7. Enzyme-Drug Interactions in Cancer Therapy

Understanding enzyme-drug interactions is essential for improving drug efficacy and safety, especially in personalized medicine and chemotherapy. One critical aspect of this is enzyme-mediated bioactivation, which can lead to diverse outcomes. For instance, a prodrug may be transformed into its active form without structural alteration, resulting in the intended therapeutic effect. However, enzymes can also modify drugs in ways that increase or reduce their activity, and in some cases, even produce toxic effects [65].

These adverse outcomes are often influenced by genetic polymorphisms. Genetic variations in drug-metabolizing enzymes result in distinct metabolic phenotypes. Depending on their enzyme alleles, individuals can be categorized as ultra-rapid, extensive, intermediate, or poor metabolizers. These polymorphisms directly affect how drugs are processed in the body, which may compromise therapeutic efficacy or lead to adverse drug responses [65].

Among the best-characterized enzyme systems is the cytochrome P450 (CYP) superfamily, which is responsible for the oxidative metabolism of a wide range of drugs. Inhibition of CYP enzymes can extend a drug’s half-life, increase its plasma concentration, and elevate toxicity risk. Conversely, enzyme induction may accelerate drug clearance, reducing its therapeutic effect.

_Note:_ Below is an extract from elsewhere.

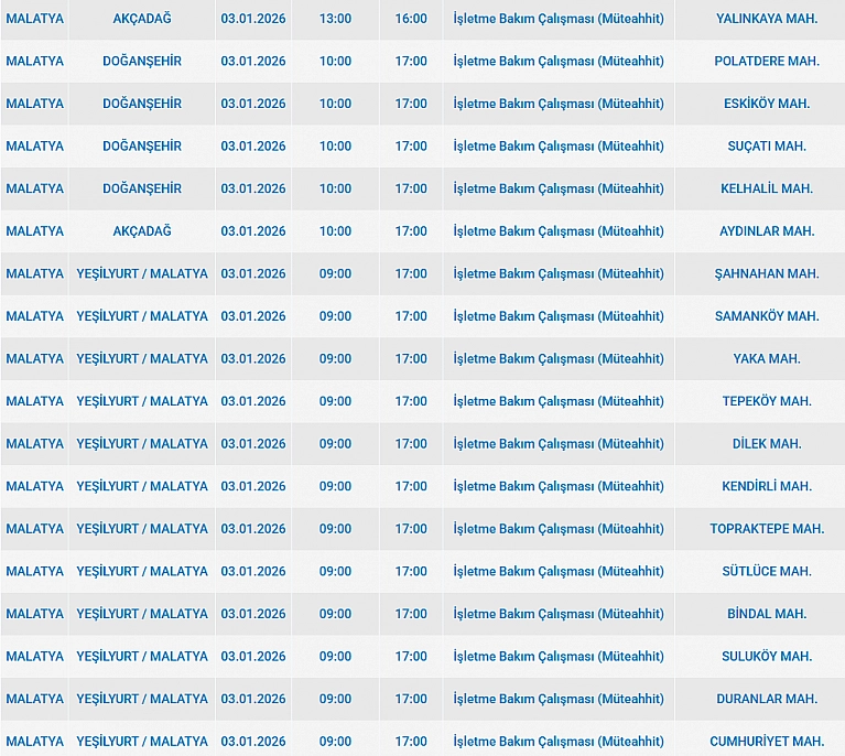 Malatya'da 2 Ocak 2025 Cumartesi günü Akçadağ, Battalgazi, Doğanşehir, Yazıhan, Yeşilyurt ilçelerinde planlı bakım çalışmaları nedeniyle elektrik kesintisi yaşanacak. İşte elektrik kesintisi yaşayacak mahalleler…

A prominent example of enzyme-mediated drug interaction involves furanocoumarins in grapefruit juice, which inhibit CYP3A4—an enzyme that metabolizes over 85 commonly used drugs, including statins and antiretrovirals. This interaction can significantly alter drug bioavailability, potentially leading to severe toxicities such as rhabdomyolysis or nephrotoxicity, and even fatal outcomes, hence the recommendation for patients to avoid grapefruit in certain treatments [246].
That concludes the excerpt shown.